И вдруг смешливый голос за спиной:
— Мадам, вам помочь?
Глянула — глаза карие с прищуром близко-близко — и отпрянула.
— Боишься? Зря, я добрый, — и расхохотался.
Перед ней стоял тот самый рукомахатель. Невысокий, жилистый мужичок. Темно-русый, с резкими, чуть монгольскими скулами. Отцепил невольницу от колючей проволоки и протянул широкую крепкую ладонь.
— Иван. Блохин.
Руку не взяла:
— Ишь ты — Блохин, можа ты — Плохин?
— Не-е. Я — Блохин! Маленькая блоха злей кусает, слыхала? Это про меня.
Маруся засмущалась, присела на траву и отвернулась. Он приземлился рядом. И давай наяривать: мол, начальник я тут, радиоточку возводим — стратегический объект. А она, к слову говоря, не шпионка ль? Ну-кась, дай, говорит, в глаза посмотрю.
Маня повернулась, улыбнулась доверчиво и будто умыла Ваню синющими глазищами, как водой родниковой. А и поперхнулся парень. А и застыл с разинутым ртом. Взгляда от сияющих фиалок отвести не может.
Что Блохин, ё-моё, девок ладных не видал?! Хе-х! — тыщщами отлетали! А тут вдруг засосало под ложечкой… Растерялся гоношистый Ванька, коленки задрожали, с собой совладать не может, опьянел будто. Такого конфузу с ним еще не приключалось. Сморгнуть боится: вдруг мираж?! Упустишь мгновение — и сказочке конец!

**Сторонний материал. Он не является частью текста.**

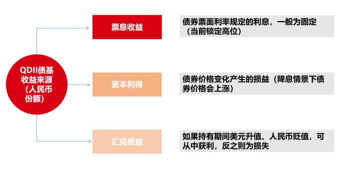 QDII债基投资收益(人民币份额)=票息收入+资本利得+汇兑损益

Но не таков Иван Блохин, чтобы вялости в организме волю давать! Затряс башкой, как бык, смахнул наваждение… Собрался, продышался и давай пуще прежнего стратегию развивать. Правда, голосом переменился.
Я, говорит, самый главный инженер по оборудованию. Скоро посреди этого поля радиовышки вырастут, фидера протянутся, а простор останется, и сладкий воздух никуда не пропадет, и маки с тюльпанами не повыведутся. И дикий картофель, похожий по вкусу на кочерыжку, только кучнее уродится. Что спец он, дескать, не из последних. И холостой притом. Заходил петухом, бахвалился, охмурял. Давай достоинства выпячивать.
От такого стрекота у нее аж в голове зазвенело. Подтянула коленки к груди и уткнулась в подол. Сидит, думает: «Вот ведь докука, вскочил, как пузырь от дождя».
А он все наскоком, наскоком:
— Ты чья будешь?
— Ничейная.
— Муж есть?
— Нету.
— Отлично! А почему нет? Не берет никто, или сбежал?
Маруся потемнела лицом, плечи уронила, прошептала: «Загинул…»
— Из раскулаченных?
— Не-не… — Тут она испугалась всерьез. — Конокрад… И охота тебе спрашивать?
— Кхм… Ясно. Хочешь, чтоб конокрад, пускай конокрад, — помолчал и вдруг четко, не вихляясь: — Выходи за меня!
— Твой намек мне невдомек. — Маруся ошалела, поднялась, отряхнула юбку. — Ну ты и забавник, паря.
Встал рядом, сжал руку решительно и, не отводя глаз, твердо:
— Я не шучу. Пойдешь?
Так сказал… Так сказал, откажи она — все! Конец белу свету, рухнет мужик замертво…
Маруся — сама от себя не ожидала — как даст деру.
Оглянулась:
— Да! Пойду! Пойду!
Ванька догнал, сшиб с ног.
— А ну говори точно: пойдешь? Слово?!
— Слово.
Маня, конечно, не дурочка с переулочка, вмиг разгадала молодецкие прихваты, но тронул Иван стылое сердце своей искренностью бесшабашной.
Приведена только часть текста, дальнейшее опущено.